**DESCRIPTION OF THE TASK:**
If a line in the listing below has the string "advisors", copy it out.

**PROVIDED DATA:**
----
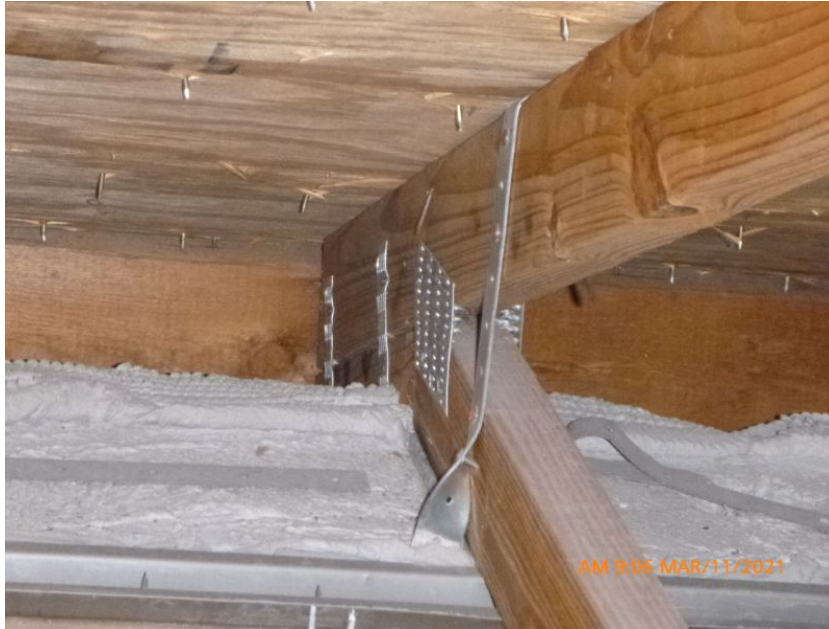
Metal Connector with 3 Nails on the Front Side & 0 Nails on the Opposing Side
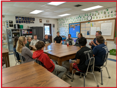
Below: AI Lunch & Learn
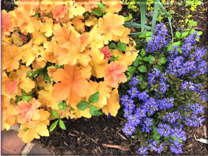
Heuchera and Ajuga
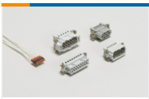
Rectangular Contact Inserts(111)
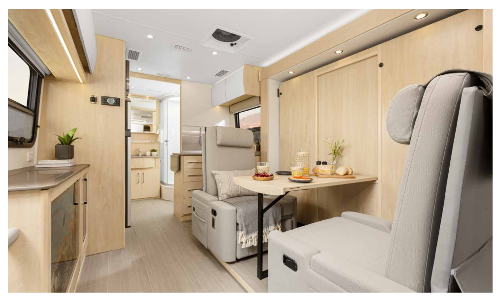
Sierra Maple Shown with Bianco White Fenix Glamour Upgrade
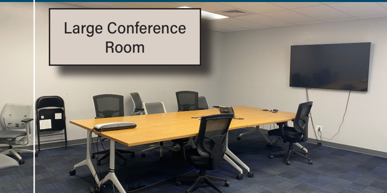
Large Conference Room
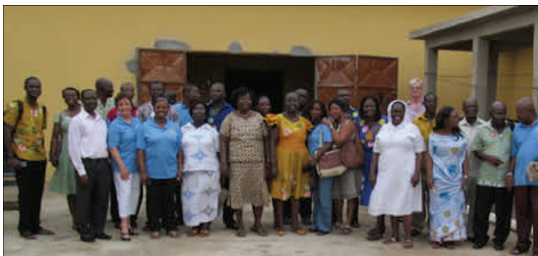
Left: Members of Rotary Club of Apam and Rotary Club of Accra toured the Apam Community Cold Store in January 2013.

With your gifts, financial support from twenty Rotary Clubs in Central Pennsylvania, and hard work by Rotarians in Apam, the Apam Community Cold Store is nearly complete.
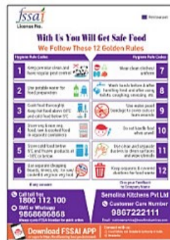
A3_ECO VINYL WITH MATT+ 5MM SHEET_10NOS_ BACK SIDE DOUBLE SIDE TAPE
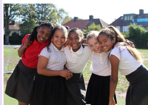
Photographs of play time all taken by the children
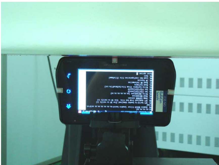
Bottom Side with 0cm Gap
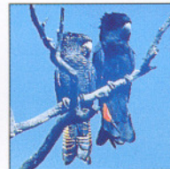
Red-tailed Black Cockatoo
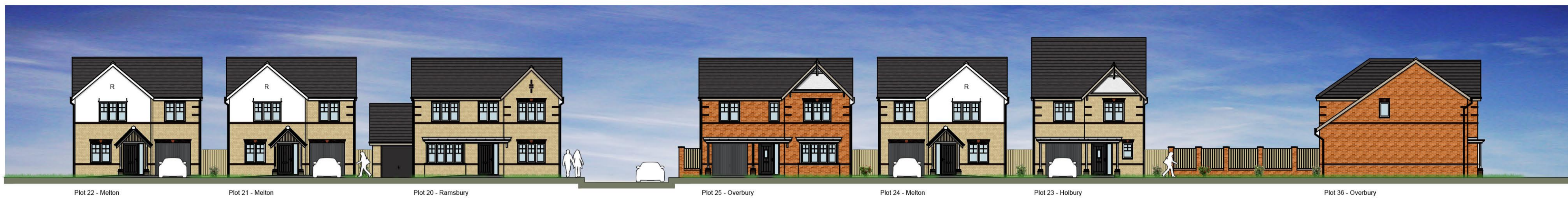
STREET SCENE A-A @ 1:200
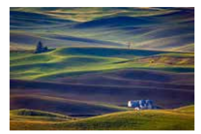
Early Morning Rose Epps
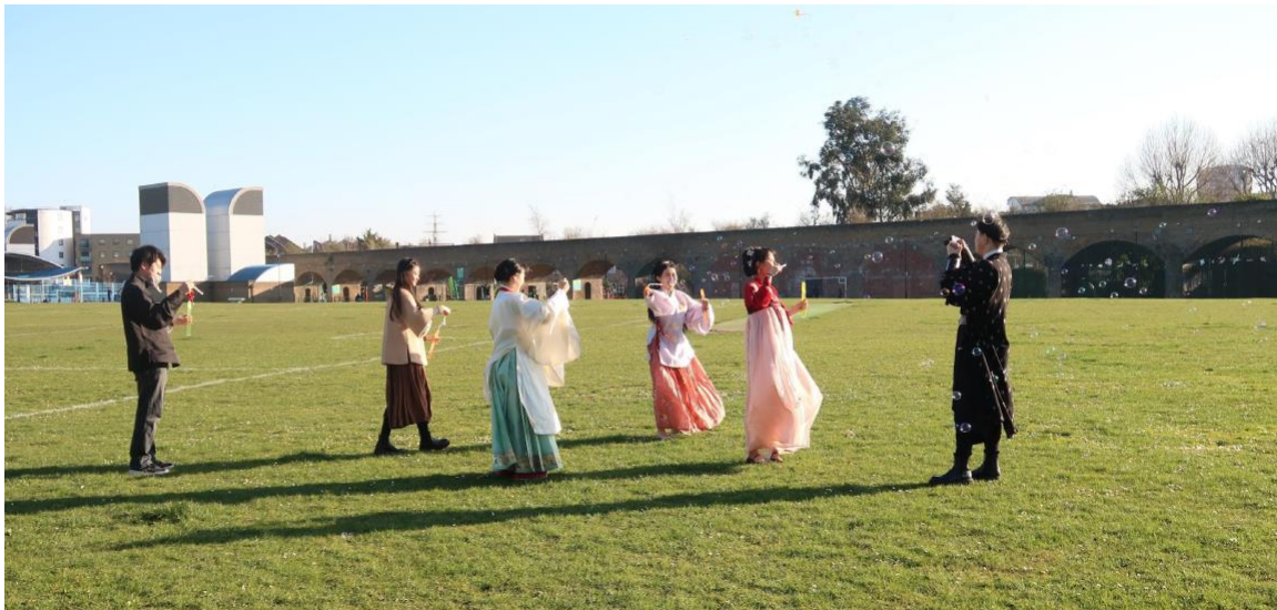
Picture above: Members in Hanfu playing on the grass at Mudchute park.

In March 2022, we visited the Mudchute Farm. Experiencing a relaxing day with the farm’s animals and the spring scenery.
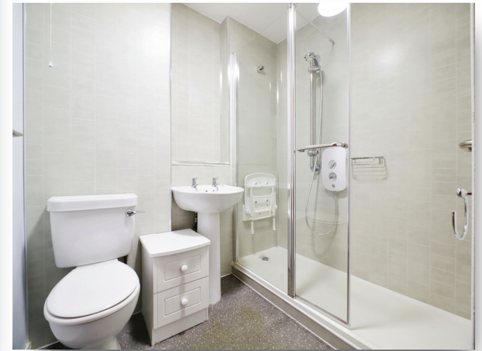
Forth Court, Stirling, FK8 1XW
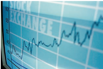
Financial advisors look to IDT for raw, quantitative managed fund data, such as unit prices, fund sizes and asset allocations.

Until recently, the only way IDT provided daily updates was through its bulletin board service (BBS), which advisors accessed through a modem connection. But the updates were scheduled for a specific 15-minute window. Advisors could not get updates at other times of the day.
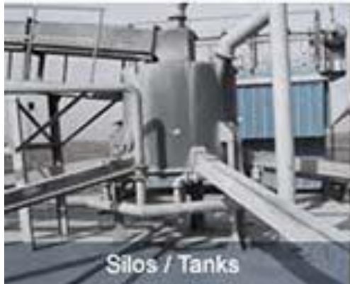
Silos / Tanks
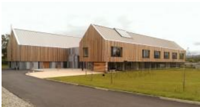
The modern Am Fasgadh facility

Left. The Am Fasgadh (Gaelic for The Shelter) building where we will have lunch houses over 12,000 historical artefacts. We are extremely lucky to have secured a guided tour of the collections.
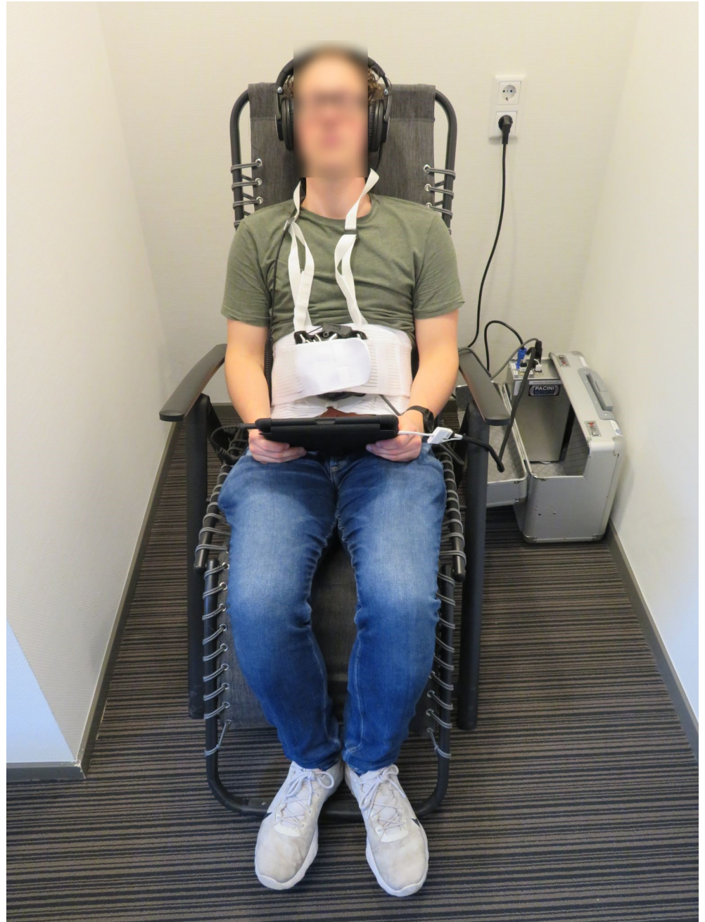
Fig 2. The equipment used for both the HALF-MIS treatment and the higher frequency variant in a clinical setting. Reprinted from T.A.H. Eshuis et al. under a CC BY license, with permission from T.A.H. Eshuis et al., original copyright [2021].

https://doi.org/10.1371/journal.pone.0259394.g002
----
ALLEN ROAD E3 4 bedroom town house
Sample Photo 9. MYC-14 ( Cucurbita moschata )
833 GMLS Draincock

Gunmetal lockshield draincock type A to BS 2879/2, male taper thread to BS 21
----
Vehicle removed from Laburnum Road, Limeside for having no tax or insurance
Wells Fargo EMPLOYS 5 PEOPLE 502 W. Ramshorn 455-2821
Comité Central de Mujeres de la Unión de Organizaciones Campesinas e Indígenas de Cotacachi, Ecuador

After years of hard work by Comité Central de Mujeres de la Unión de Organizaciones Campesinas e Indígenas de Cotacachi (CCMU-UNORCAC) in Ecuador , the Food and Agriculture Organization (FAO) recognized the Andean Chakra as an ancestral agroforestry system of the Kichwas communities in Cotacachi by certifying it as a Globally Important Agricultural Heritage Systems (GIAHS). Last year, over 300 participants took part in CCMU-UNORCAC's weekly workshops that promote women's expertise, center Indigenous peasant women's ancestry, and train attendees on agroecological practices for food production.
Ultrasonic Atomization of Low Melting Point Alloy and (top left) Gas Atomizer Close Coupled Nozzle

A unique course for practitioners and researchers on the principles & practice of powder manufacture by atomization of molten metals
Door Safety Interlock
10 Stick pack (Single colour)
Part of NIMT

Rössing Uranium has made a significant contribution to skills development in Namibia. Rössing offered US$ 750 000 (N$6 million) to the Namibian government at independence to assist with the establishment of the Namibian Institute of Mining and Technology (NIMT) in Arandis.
----
**EXERCISE RESULT:**
Financial advisors look to IDT for raw, quantitative managed fund data, such as unit prices, fund sizes and asset allocations.
Until recently, the only way IDT provided daily updates was through its bulletin board service (BBS), which advisors accessed through a modem connection. But the updates were scheduled for a specific 15-minute window. Advisors could not get updates at other times of the day.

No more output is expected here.